Knickerbocker's History of New York, Complete eBook

This eBook from the Gutenberg Project consists of approximately 356 pages of information about Knickerbocker's History of New York, Complete.

As soon as the burgomasters could recover from their confusion, and had time to breathe, they called a public meeting, where they related at full length, and with appropriate coloring and exaggeration, the despotic and vindictive deportment of the governor, declaring that, for their own parts, they did not value a straw the being kicked, cuffed, and mauled by the timber toe of his excellency, but that they felt for the dignity of the sovereign people, thus rudely insulted by the outrage committed on the seat of honor of their representatives.  The latter part of the harangue came home at once to that delicacy of feeling and jealous pride of character vested in all true mobs; who, though they may bear injuries without a murmur, yet are marvelously jealous of their sovereign dignity; and there is no knowing to what act of resentment they might have been provoked, had they not been somewhat more afright of their sturdy old governor than they were of St. Nicholas, the English, or the d——­l himself.

CHAPTER XI.

There is something exceedingly sublime and melancholy in the spectacle which the present crisis of our history presents.  An illustrious and venerable little city—­the metropolis of a vast extent of uninhabited country—­garrisoned by a doughty host of orators, chairmen, committee-men, burgomasters, schepens, and old women—­governed by a determined and strong-headed warrior, and fortified by mud batteries, palisadoes, and resolutions—­blockaded by sea, beleaguered by land, and threatened with direful desolation from without; while its very vitals are torn with internal faction and commotion!  Never did historic pen record a page of more complicated distress, unless it be the strife that distracted the Israelites during the siege of Jerusalem, where discordant parties were cutting each other’s throats at the moment when the victorious legions of Titus had toppled down their bulwarks, and were carrying fire and sword into the very sanctum sanctorum of the temple!
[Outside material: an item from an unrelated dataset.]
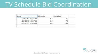 TV Schedule Bid Coordination Google AdWords סדנת אוטומציה
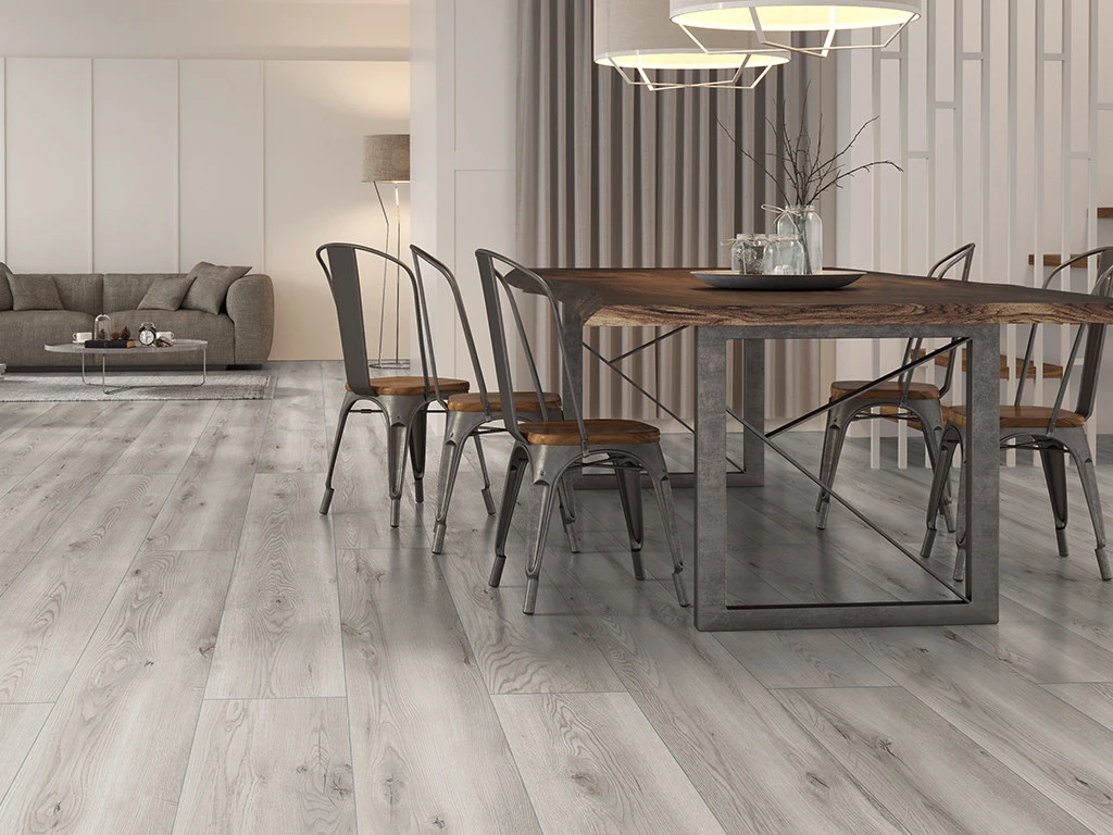 Les veinures typiques du chêne du décor dégagent une classe intemporelle et une chaleur confortable.

Governor Stuyvesant having triumphantly put his grand council to the rout, and delivered himself from a multitude of impertinent advisers, despatched a categorical reply to the commanders of the invading squadron, wherein he asserted the right and title of their High Mightinesses the Lords States General to the province of New Netherlands, and trusting in the righteousness of his cause, set the whole British nation at defiance!

My anxiety to extricate my readers and myself from these disastrous scenes prevents me from giving the whole of this gallant letter, which concluded in these manly and affectionate terms:——­

“As touching the threats in your conclusion, we have nothing to answer, only that we fear nothing but what God (who is as just as merciful) shall lay upon us; all things being in His gracious disposal, and we may as well be preserved by Him with small forces as by a great army, which makes us to wish you all happiness and prosperity, and recommend you to His protection.—­My lords, your thrice humble and affectionate servant and friend,

    “P.  STUYVESANT.”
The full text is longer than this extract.